Dimensions are attributes which can be assigned to facts. Dimensions provide context to facts, which makes facts useful.

For example, a temperature such as “24 degrees celsius,” all by itself, is not meaningful information.

Facts

Here we have a weather report obtained by googling “weather in Kuala Lumpur.”

The facts here are things like the temperature, humidity, probability of precipitation, and wind speed.

Notice that these are all quantities. But there are other facts here, such as the icon in the upper left corner of the image, which means “partly cloudy,” or the statement “Clear with periodic clouds,” and these other icons at the bottom of the image which indicate forecasted conditions, such as thundershowers.

All of these non-numeric facts are examples of qualitative facts. To make sense of these facts, we need to provide context.

Dimensions

Context is provided by dimensions, which includes things like the location, “Kuala Lumpur, Malaysia” and the day and time, “Tuesday at 3 a.m.” The statement “24°C in Kuala Lumpur, Malaysia on Tuesday, August 17th at 3:00 a.m.” means something.

Fact Table

A fact table typically consists of the facts of a business process, and it also contains foreign keys which establish well-defined links to dimension tables.

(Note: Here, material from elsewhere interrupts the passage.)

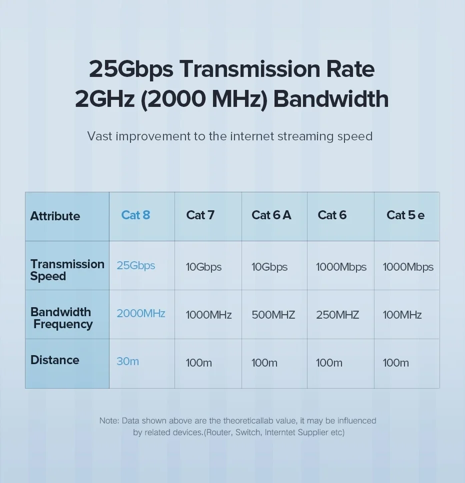 With 100% pure copper wire and gold-plated connectors, this cat8 ethernet cable can be very effective to reduce the loss during data transmission, making network speed faster and more stable.
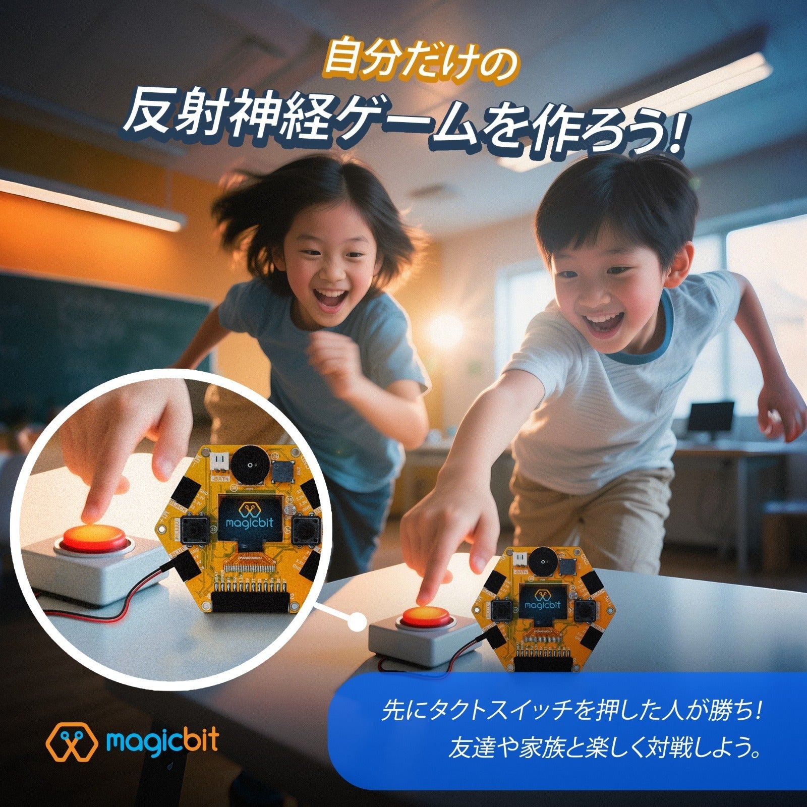 2025/05/15 11:54【番外編】早押しドキドキ判定機で兄妹対決!自由研究レポート:半日で完成!反射神経を数値化する装置づくりこんにちは!クラウドファンディングにご支援いただいた皆様へ、子どもたちが実際に作った「早押しドキドキ判定機」の活動報告をお届けします。どんなものを作ったの?Magicbitを使って、「誰が一番早くボタンを押せるか」をミリ秒単位で測定できる装置を作りました!兄妹で反射神経を競い合い、大盛り上がりの実験になりました。準備したもの(とっても簡単!) * Magicbit本体 * 押しボタン(タクトスイッチ)2個 * ブザー1個 * ジャンパーワイヤ数本実験結果:兄vs妹の反射神経対決!【3回勝負の結果】ラウンド1:兄350ms vs 妹420msラウンド2:兄330ms vs 妹405ms ラウンド3:兄340ms vs 妹390ms平均タイム:兄340ms vs 妹405ms子どもたちが学んだこと 1. 数字で見える反射神経:「速い!」という感覚が実際に数値で比較できて驚いていました 2. プログラミングの基本:「先に押した人だけ有効」という条件分岐を体験 3. データ分析の入門:記録を表にまとめて平均を出す作業が「本格的な研究みたい!」と喜んでいましたMagicbitの良さを実感!配線はたった3本、プログラミングもブロックを組み合わせるだけで完成!画面にすぐ結果が表示され、ブザー音でも反応するので、子どもたちは「自分で作った!」という達成感でいっぱいでした。この後どうなった?友達も呼んで「反射神経王決定戦」を開催!みんなで記録更新を目指して練習するうちに、最速300msを突破する子も現れました。「次は光センサーで反応する装置も作りたい!」と意欲満々です。----------------------------------------半日で完成する手軽さと、実際に動く喜びを体験できるMagicbitの魅力が詰まった実験でした。皆様のご支援のおかげで、子どもたちのプログラミングへの興味が大きく広がっています。これからも活動報告をお届けしますので、楽しみにお待ちください!詳しくはこちら もっと見る

Usually, facts are additive measures or metrics, such as dollar amounts for individual sales transactions.
A fact table can contain detail level facts, such as individual sales transactions, or facts that have been aggregated, such as daily or weekly sales totals.
Fact tables that contain aggregated facts are called summary tables.

Example

You could summarize sales transactions by summing overall sales for each quarter of the year.
An example of a foreign key might be ‘store ID.’

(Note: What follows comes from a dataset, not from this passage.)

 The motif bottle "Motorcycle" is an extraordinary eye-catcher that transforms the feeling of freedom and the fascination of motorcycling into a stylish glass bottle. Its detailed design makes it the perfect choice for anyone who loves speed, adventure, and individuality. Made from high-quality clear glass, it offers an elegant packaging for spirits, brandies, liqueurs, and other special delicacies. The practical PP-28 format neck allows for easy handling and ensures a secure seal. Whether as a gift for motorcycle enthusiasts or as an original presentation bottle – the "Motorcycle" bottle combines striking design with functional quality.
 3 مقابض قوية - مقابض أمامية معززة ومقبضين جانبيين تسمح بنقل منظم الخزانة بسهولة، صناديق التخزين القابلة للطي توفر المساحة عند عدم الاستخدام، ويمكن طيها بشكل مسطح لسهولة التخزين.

“Accumulating snapshot” fact tables are used to record events that take place during a well-defined business process.

For example, suppose you have finished configuring a custom computer for yourself online, and you have just placed your order.

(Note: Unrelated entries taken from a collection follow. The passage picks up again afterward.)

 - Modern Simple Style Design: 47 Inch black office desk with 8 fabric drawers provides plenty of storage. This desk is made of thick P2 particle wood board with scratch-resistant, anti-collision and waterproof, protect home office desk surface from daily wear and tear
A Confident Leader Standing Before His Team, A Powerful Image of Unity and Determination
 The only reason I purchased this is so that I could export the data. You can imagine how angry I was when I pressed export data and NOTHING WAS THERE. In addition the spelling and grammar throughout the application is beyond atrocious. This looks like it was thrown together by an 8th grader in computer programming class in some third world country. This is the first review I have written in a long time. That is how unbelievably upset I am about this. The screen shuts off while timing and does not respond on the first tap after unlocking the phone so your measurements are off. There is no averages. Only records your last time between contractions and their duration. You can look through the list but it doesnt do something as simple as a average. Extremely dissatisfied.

The order date and the order amount are recorded in a snapshot table by the manufacturer.
A unique “order ID” is also assigned.
Once your order is verified, your payment is processed.
The “amount paid” and the “date paid” are then recorded.
After payment verification, the computer specifications are sent to the manufacturing department.
Once the computer is in production, the “build start-date” is entered, and once the computer is built, the “build end-date” is recorded
Finally, once your computer is ready to be sent, the “ship date” is recorded.

All these fields are stored in a single row of the table, which is uniquely identified by the “order ID.”

A dimension is a variable that categorizes facts:

Dimensions are called “categorical variables” by statisticians and machine learning engineers.
Dimensions enable users to answer business questions.
The main uses for dimensions in analytics include filtering, grouping, and labeling operations.

Dimension Table

For example, commonly used dimensions include names of people, products, and places, and date or time stamps.

A dimension table thus stores the dimensions of a fact and is joined to the fact table via a foreign key.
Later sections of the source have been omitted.